The DE, among others, is registered in favor of this bill. While the awareness initiative is focusing on 1:1 initiatives and initiatives that allow smaller schools to survive and thrive through cooperative efforts to use technology to share teachers, broadband upgrades will also be needed to support statewide online assessments if the Legislature adopts the Smarter Balanced assessments or otherwise requires computer-based administration of assessments.
Update: From the Gazette coverage of the HSB 104 subcommittee meeting:
Former Democratic lawmaker Phil Wise, now with the Department of Education, said the department doesn’t believe it will be possible to deliver a first-class education–the content and new generation assessments “regardless of ZIP code” without a broadband network covering all of Iowa.
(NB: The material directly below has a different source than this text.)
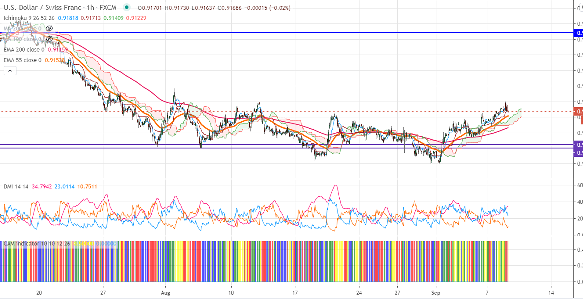 USDCHF continues to trade higher and holding well above 200-EMA. The broad-based US dollar buying and renewed US-Sino trade tension is supporting the US dollar. The United States 10-year bond yield declined more than 8% after forming a minor top around 0.723%. The pair hits an intraday high of 0.91999 and is currently trading around 0.91673.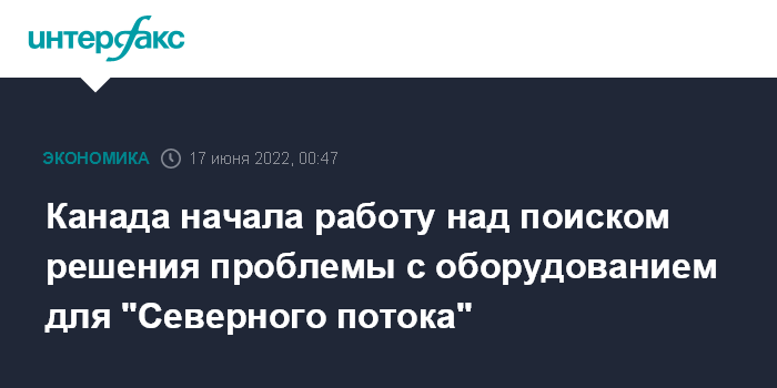 Москва. 17 июня. INTERFAX.RU - Оттава ведет переговоры с Берлином по вопросу оборудования компании Siemens для газопровода "Северный поток", которое проходит техобслуживание на заводе в Канаде, сообщают западные СМИ.

The cost will be substantial, lobbyists said. Cell towers can cost $100,000 each, [Mark] Lewellen [of Deere and Co.] said, but the real cost is connecting them to the fiber optics network.
Putting fiber-optic cable in the ground can cost as much as $5,000 a mile and more depending on terrain and time of the year, [Michael] Sadler [of CenturyLink] said. [Dave] Duncan [of the Iowa Communications Alliance] estimated the cost can be $2,000 to $4,000 per connection or customer in cities and as much as $10,000 per connection in rural areas.
There are eight schools in Iowa with no internet available and 543 schools with bandwidth between 1.5 Mb and 50 Mb.